Release Latest release Go Report Card Docker pulls Image size (standard) Image size (minimal) License: GPL v3

Prometheus collector and exporter for metrics extracted from the Slurm workload manager — exposes node, partition, job, CPU, GPU, scheduler, fairshare, reservation, and license data, with ten ready-to-use Grafana dashboards and a starter set of site-neutral alerting rules.

Note

Looking for a next-generation Slurm exporter with native OpenMetrics support (Slurm 25.11+)? Check out my new project: sckyzo/slurm_prometheus_exporter

✨ Features: Native OpenMetrics · Multiple endpoints · Basic Auth & TLS · Global labels · YAML config · Clean Architecture

📋 Table of Contents

✨ Features

  • ✅ Wide metric coverage: nodes, partitions, jobs, CPUs, GPUs, scheduler internals (sdiag RPC stats), fairshare, reservations, licenses, per-user/per-account roll-ups.
  • ✅ All 14 collectors are optional and toggle via --collector.<name> / --no-collector.<name> flags.
  • ✅ GPU metrics per account and user (slurm_account_gpus_running, slurm_user_gpus_running) — covers --gres, --gpus, and --gpus-per-node jobs.
  • ✅ Per-reservation node state metrics (slurm_reservation_nodes_*).
  • ✅ TLS + Basic Authentication via --web.config.file.
  • ✅ OpenMetrics format (exemplars, Prometheus 2.x+ features).
  • ✅ Per-collector health metrics (slurm_exporter_collector_success, slurm_exporter_collector_duration_seconds).
  • ✅ Liveness probe at /healthz for Kubernetes / systemd orchestration.
  • ✅ Ten ready-to-use Grafana dashboards + site-neutral Prometheus alerting rules.
  • ✅ Multi-arch Docker images (linux/amd64 + linux/arm64), signed with cosign keyless, CycloneDX SBOM per release.
  • ✅ Goreportcard A+ (100% across gofmt, go vet, gocyclo, ineffassign, misspell, license).

🚀 Get started

The fastest path is the published Docker image — assuming the host has a working slurm-client + munged setup (slurmctld host, login node, or a monitoring VM already enrolled in the cluster):

docker run -d --name slurm_exporter \
  -p 9341:9341 \
  -v /etc/slurm:/etc/slurm:ro \
  -v /var/run/munge:/var/run/munge:ro \
  -v /etc/munge/munge.key:/etc/munge/munge.key:ro \
  sckyzo/slurm-exporter:latest

curl http://localhost:9341/metrics | head

Then point Prometheus at :9341/metrics (sample scrape config in monitoring/).

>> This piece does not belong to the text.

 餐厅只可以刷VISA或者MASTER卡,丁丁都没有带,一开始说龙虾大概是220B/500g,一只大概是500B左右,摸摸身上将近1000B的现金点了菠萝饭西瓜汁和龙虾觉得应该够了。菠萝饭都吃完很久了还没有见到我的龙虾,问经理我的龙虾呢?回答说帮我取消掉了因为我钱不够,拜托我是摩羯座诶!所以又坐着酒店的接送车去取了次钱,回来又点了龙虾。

For everything else — compose / Kubernetes / a remote monitoring node, or running the binary directly on a node — pick one of the three paths below.

🐳 Docker images

Two variants, both published as multi-arch manifests (linux/amd64 + linux/arm64) to Docker Hub (sckyzo/slurm-exporter) and GHCR (ghcr.io/sckyzo/slurm_exporter):

Variant Tag pattern Base When
Standard :vX.Y.Z, :X.Y, :X, :latest Ubuntu 26.04 + slurm-client 25.11 Cluster runs Slurm 23.x — 26.x packaged from a distro. Just works.
Minimal :vX.Y.Z-minimal, :X.Y-minimal, :X-minimal, :latest-minimal distroless/cc-debian12 + libmunge Slurm built from source / OHPC / outside the 23-26 window. Mount your own slurm-client via --slurm.bin-path.

Pre-release tags (vX.Y.Z-rc1 etc.) push only the pinned version and never overwrite the floating aliases.

Full Docker reference — compose, Kubernetes patterns, env-var overrides, version compatibility, troubleshooting — in docker/README.md.

📥 Pre-compiled binary

Linux, macOS, and Windows binaries (amd64 / 386 / arm64) on the Releases page. Each archive ships with a CycloneDX SBOM and a cosign-verifiable checksum file.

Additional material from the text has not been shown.